* _Task directions_
Please return every line of the material verbatim and skip any images.

* _Data excerpt_
============================================================
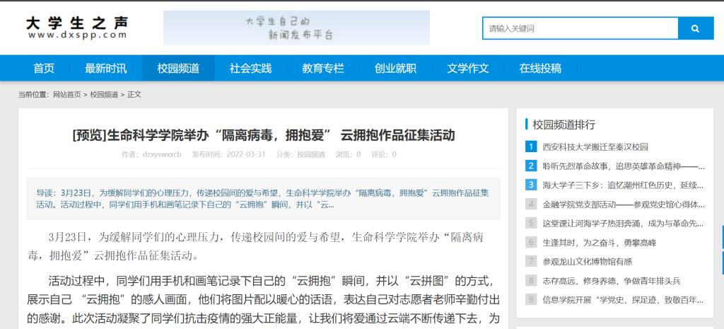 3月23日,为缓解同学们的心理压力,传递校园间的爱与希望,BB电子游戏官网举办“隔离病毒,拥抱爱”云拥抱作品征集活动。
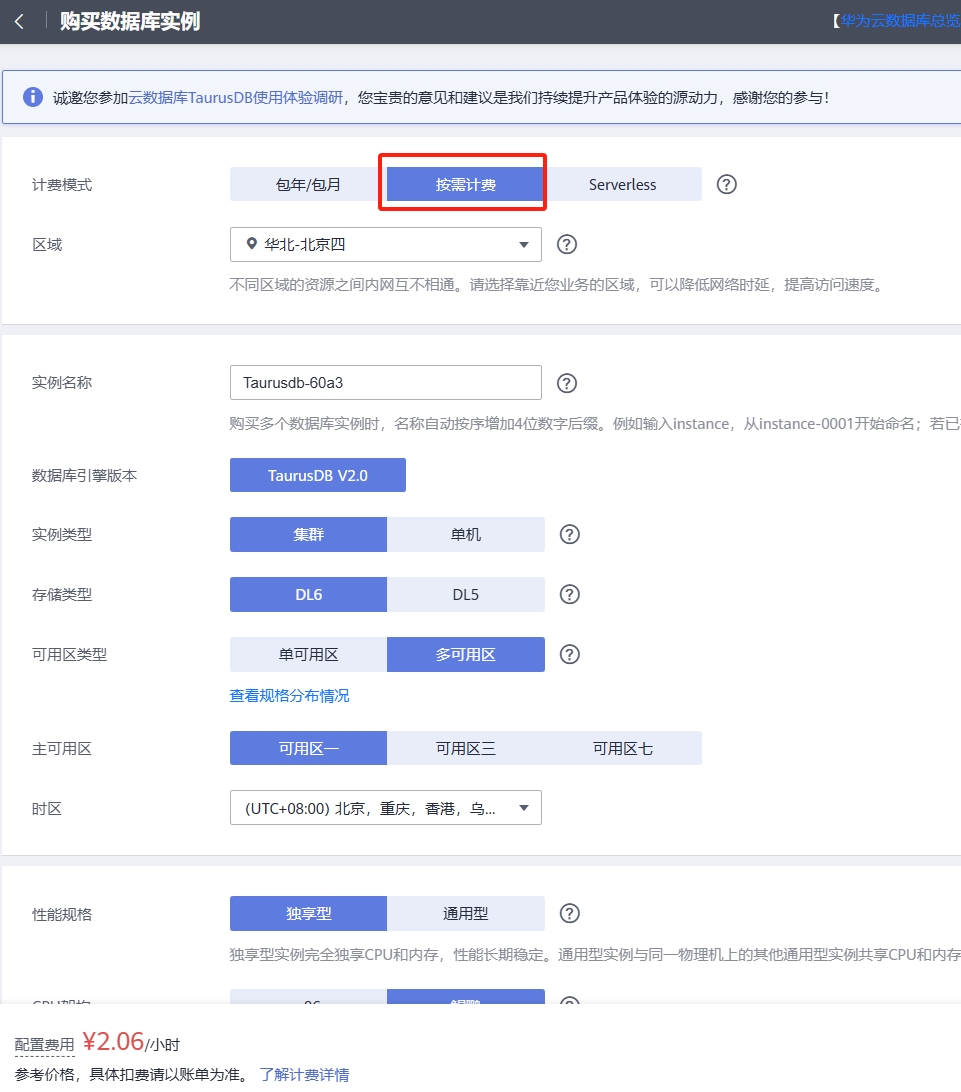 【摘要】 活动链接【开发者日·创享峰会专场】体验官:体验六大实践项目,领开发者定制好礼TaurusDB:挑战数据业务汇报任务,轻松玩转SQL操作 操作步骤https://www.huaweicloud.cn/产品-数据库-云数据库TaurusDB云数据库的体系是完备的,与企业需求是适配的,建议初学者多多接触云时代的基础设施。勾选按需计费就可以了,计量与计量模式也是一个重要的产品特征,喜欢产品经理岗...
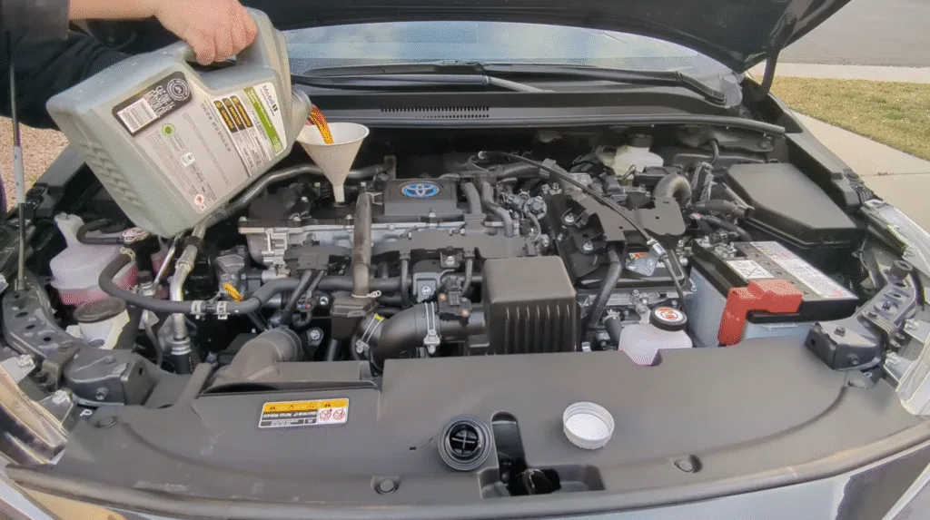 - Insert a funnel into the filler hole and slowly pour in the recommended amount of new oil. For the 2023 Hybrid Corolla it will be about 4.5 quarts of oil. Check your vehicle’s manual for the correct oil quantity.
============================================================
* _Output for this exercise_
 3月23日,为缓解同学们的心理压力,传递校园间的爱与希望,BB电子游戏官网举办“隔离病毒,拥抱爱”云拥抱作品征集活动。
 【摘要】 活动链接【开发者日·创享峰会专场】体验官:体验六大实践项目,领开发者定制好礼TaurusDB:挑战数据业务汇报任务,轻松玩转SQL操作 操作步骤https://www.huaweicloud.cn/产品-数据库-云数据库TaurusDB云数据库的体系是完备的,与企业需求是适配的,建议初学者多多接触云时代的基础设施。勾选按需计费就可以了,计量与计量模式也是一个重要的产品特征,喜欢产品经理岗...
 - Insert a funnel into the filler hole and slowly pour in the recommended amount of new oil. For the 2023 Hybrid Corolla it will be about 4.5 quarts of oil. Check your vehicle’s manual for the correct oil quantity.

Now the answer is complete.